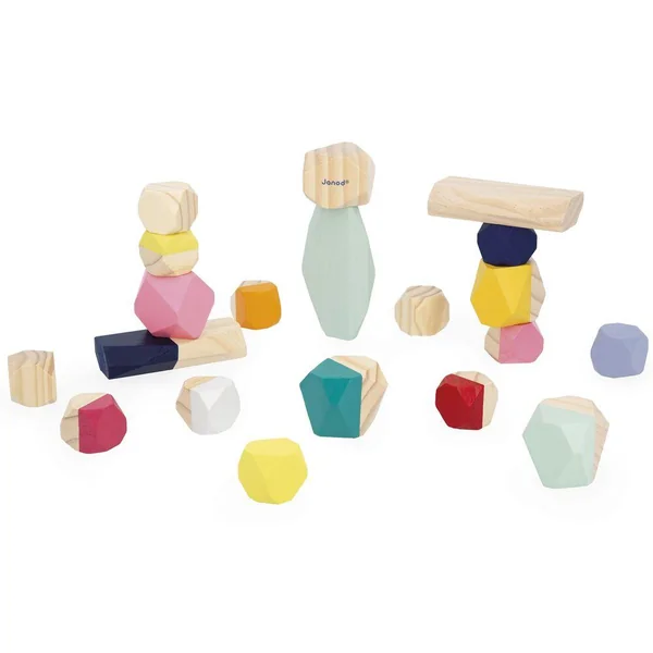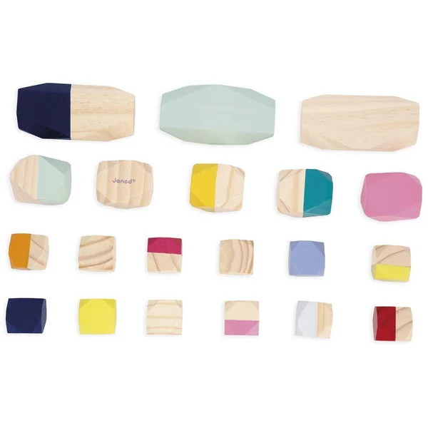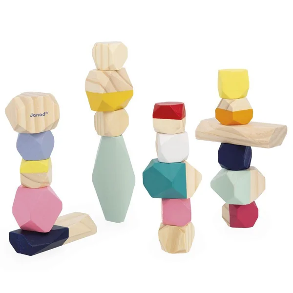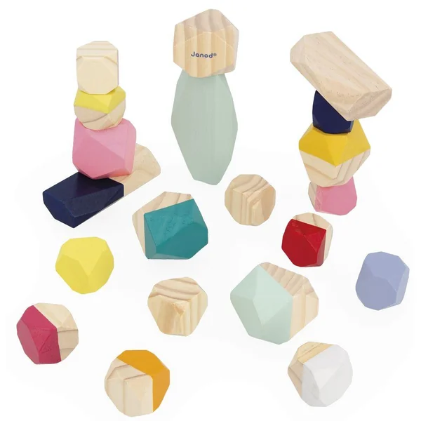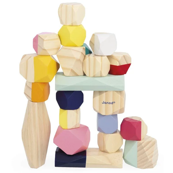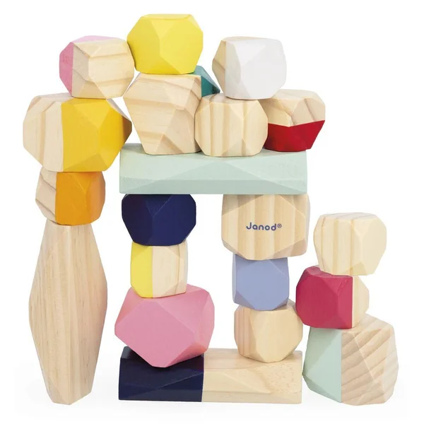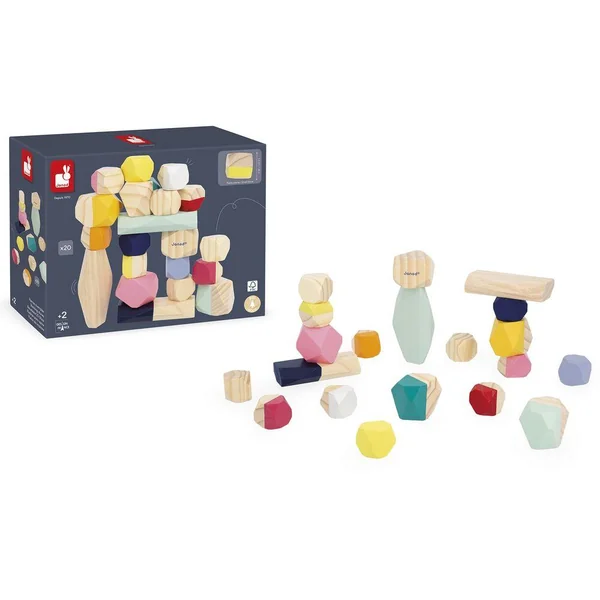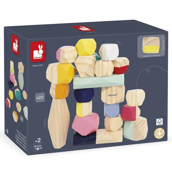 20 pierres en bois toutes légères à empiler pour faire découvrir la construction et l’équilibre à votre enfant. Une gamme aux couleurs délicates, inspirée des tendances actuelles pour accompagner les premiers apprentissages de votre enfant tout en douceur ! Grandes pierres : 12 x 2,5 x 6 cm Peinture à l’eau. Bois : pin.
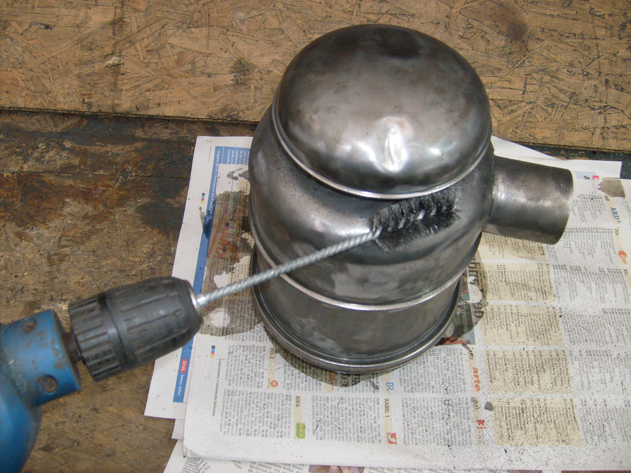Beim Luftfilter ist es immer schwierig den Bereich unter dem Ansaugpilz zu reinigen. Mit dieser Art Drahtbürste auf der Bohrmaschine geht es sehr gut:
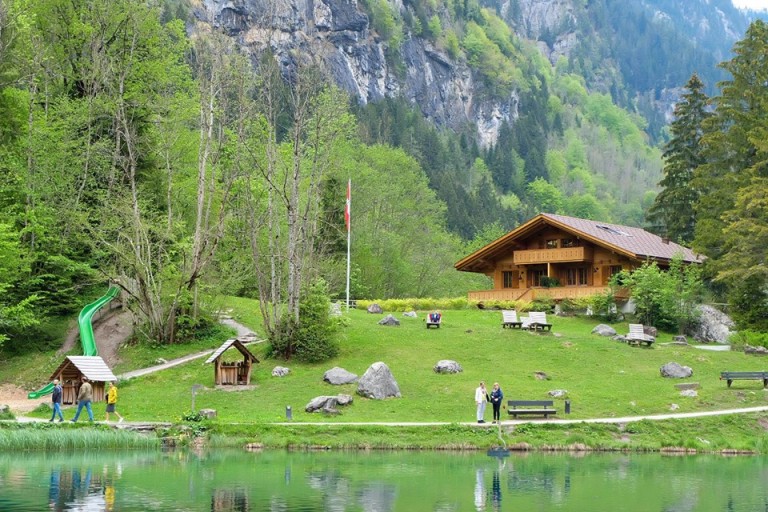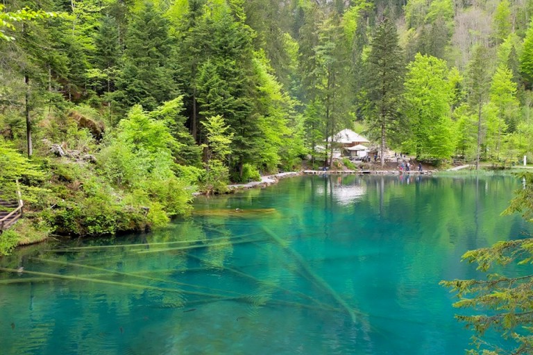 ทะเลสาป Blausee มีน้ำที่ใสมาก ต้นกำเนิดจากแหล่งน้ำใต้ดินหรือน้ำบาดาล ทะเลสาบแห่งนี้ถูกใช้เป็นบ่อเลี้ยงปลาเทร้าท์แบบ ออร์แกนิคของเอกชน มีค่าเข้าชมคนละ 8 CHF ค่ะ สำหรับคนที่ขับรถไปมีที่จอดรถมีข้างหน้าทางเข้า (เสียเงินนะจ๊ะ)
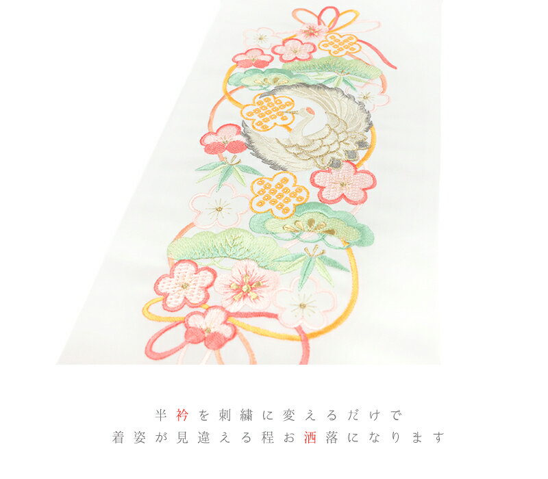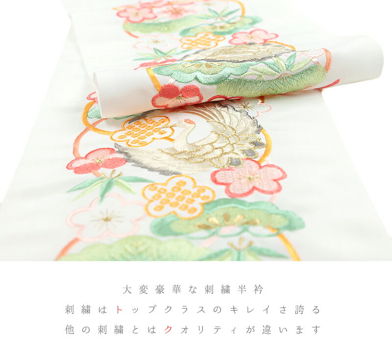 ふっくらとした刺繍でとても高級感があり、多色使いなのでお着物に何色をもってきても好相性! 華やかさも格段にアップします! 実は衿元や衿合わせは着物姿を見た時に最も目が行くポイントといっても過言ではありません。
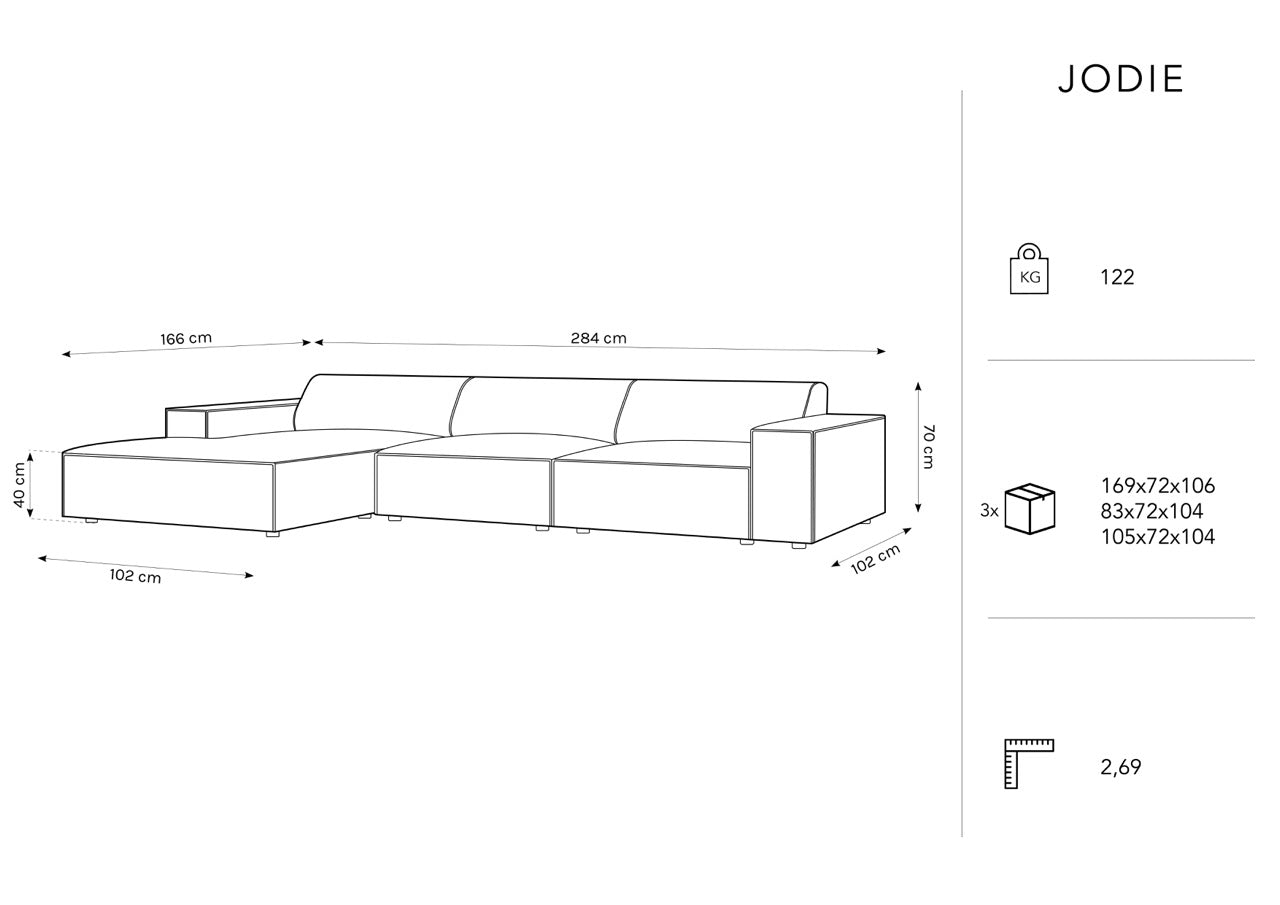Die Sitzfläche des Sofas besteht aus samtartigem Stoff, der nicht nur Komfort, sondern auch Langlebigkeit und Widerstandsfähigkeit gegen Beschädigungen garantiert. Das Jodie-Sofa ist zudem sehr praktisch - es kann je nach Bedarf mit einer linken oder rechten Seite bestellt werden.
◆ ◆ ◆ ◆ ◆
__Exercise description__
If pictures appear in the data, omit them and copy all other parts exactly.

__Answer to this problem__
 20 pierres en bois toutes légères à empiler pour faire découvrir la construction et l’équilibre à votre enfant. Une gamme aux couleurs délicates, inspirée des tendances actuelles pour accompagner les premiers apprentissages de votre enfant tout en douceur ! Grandes pierres : 12 x 2,5 x 6 cm Peinture à l’eau. Bois : pin.
Beim Luftfilter ist es immer schwierig den Bereich unter dem Ansaugpilz zu reinigen. Mit dieser Art Drahtbürste auf der Bohrmaschine geht es sehr gut:
 ทะเลสาป Blausee มีน้ำที่ใสมาก ต้นกำเนิดจากแหล่งน้ำใต้ดินหรือน้ำบาดาล ทะเลสาบแห่งนี้ถูกใช้เป็นบ่อเลี้ยงปลาเทร้าท์แบบ ออร์แกนิคของเอกชน มีค่าเข้าชมคนละ 8 CHF ค่ะ สำหรับคนที่ขับรถไปมีที่จอดรถมีข้างหน้าทางเข้า (เสียเงินนะจ๊ะ)
 ふっくらとした刺繍でとても高級感があり、多色使いなのでお着物に何色をもってきても好相性! 華やかさも格段にアップします! 実は衿元や衿合わせは着物姿を見た時に最も目が行くポイントといっても過言ではありません。
Die Sitzfläche des Sofas besteht aus samtartigem Stoff, der nicht nur Komfort, sondern auch Langlebigkeit und Widerstandsfähigkeit gegen Beschädigungen garantiert. Das Jodie-Sofa ist zudem sehr praktisch - es kann je nach Bedarf mit einer linken oder rechten Seite bestellt werden.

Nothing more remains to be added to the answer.